Aslında yukarıda sıralanan hangi gerekçe ile yapılandırma olursa olsun, saf veya pür aile şirketlerinde bunların sayısının da çok bir önemi yoktur. Sonunda hepsi bir cep veya cepler ile ilgilidir. Onlarca şirket olsa da bunların gelirleri, nakitleri, borçları, alacakları, yükümlülükleri ayrı ayrı görülse de; sonunda tek bir cep söz konusudur. Bunların hepsinin artıları ve eksileri bir arada görülür ve kümülatif sonuç önemlidir.
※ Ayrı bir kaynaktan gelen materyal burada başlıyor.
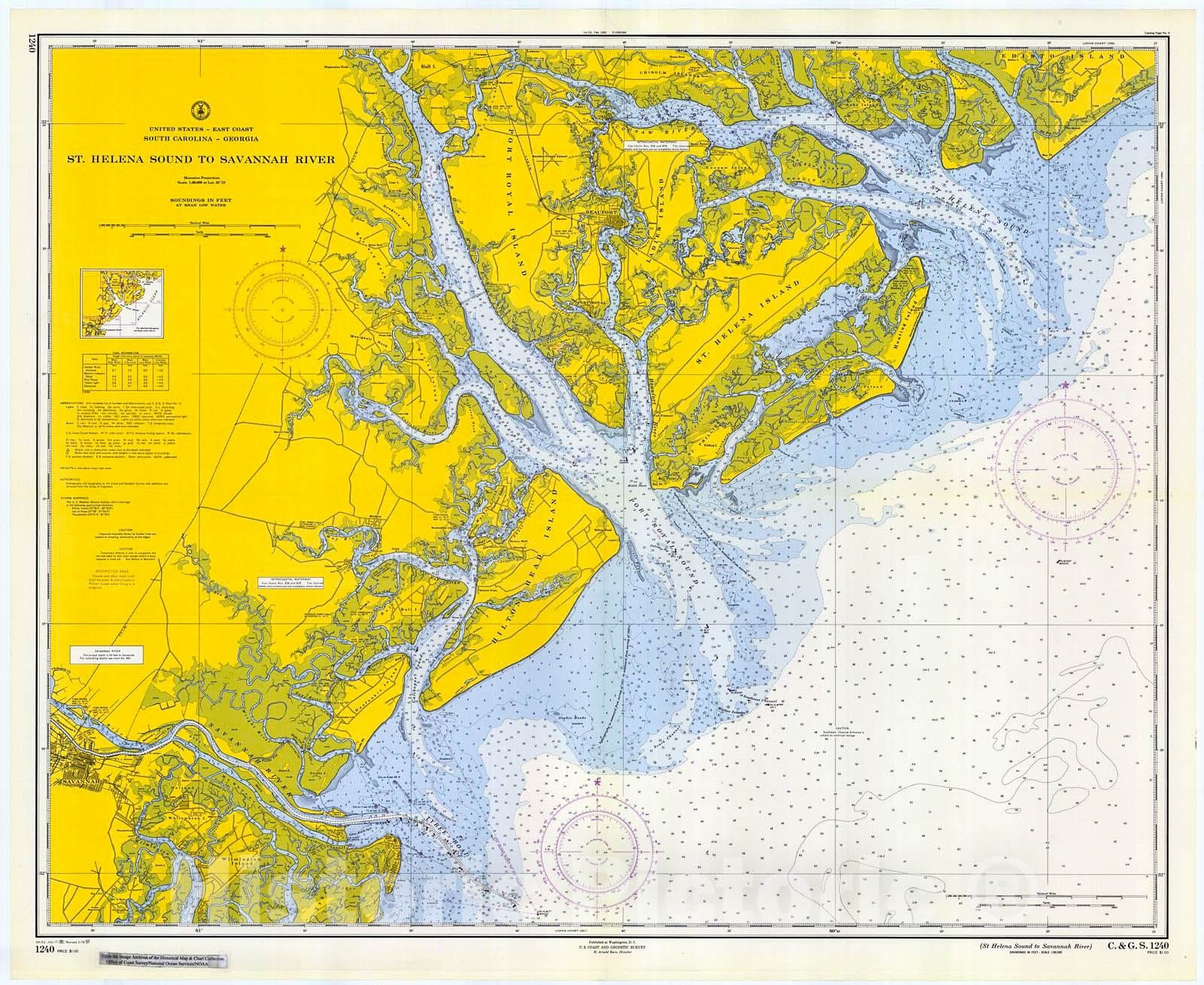 Historic Nautical Map - St. Helena Sound To Savannah River, 1957 NOAA Chart - South Carolina (SC) - Vintage Wall Art

Yapılanma hangi gerekçeye dayanırsa dayansın, TTK ve vergi kanunları açısından her bir şirketin ayrı hukuki yapısı ve dolayısıyla yükümlülüğü olduğu için KDV konusu da buna göre şekillenir. Yani her şirketin KDV yükümlülüğü ayrı ayrı dikkate alınır. Bir şirket milyonlarca lira KDV öderken, diğeri indiremediği KDV yükleri dolayısıyla iade alacaklısı konumuna girer.
Şimdi soruyorum: Yukarıdaki gerekçeler veya gerçekler karşısında, Maliyenin KDV ile ilgili yeni düzenlemesini nasıl buluyorsunuz? Her şeyden önce böyle bir düzenlemeye ihtiyaç var mı? Aynı şekilde düzenleme bu haliyle doğru mu ya da yeterli mi?...
Düzenlemeyi etkin kılmak için şunlar önerilebilir:
- Her şeyden önce bu düzenlemede kurumlar vergisinde önem taşıyan transfer fiyatlandırması konusu göz önünde bulundurulmalı,
- Etkin bir işleyiş için kesinlikle kurumlar vergisinde de grup için konsolidasyona gidilmeli (bu konu daha önce gündeme gelmiş ve fakat devre dışı bırakılmıştı),
- Düzenleme; sektörel, iş hacmi, işletme büyüklüğü itibariyle değil, ortaklık yapıları itibariyle dikkate alınmalı.
Bu şekilde yaklaşım, düzenlemeyi etkili, kalıcı ve yararlı hale getirebilir. Aksi halde yeni düzenleme çok da bekleneni vermez.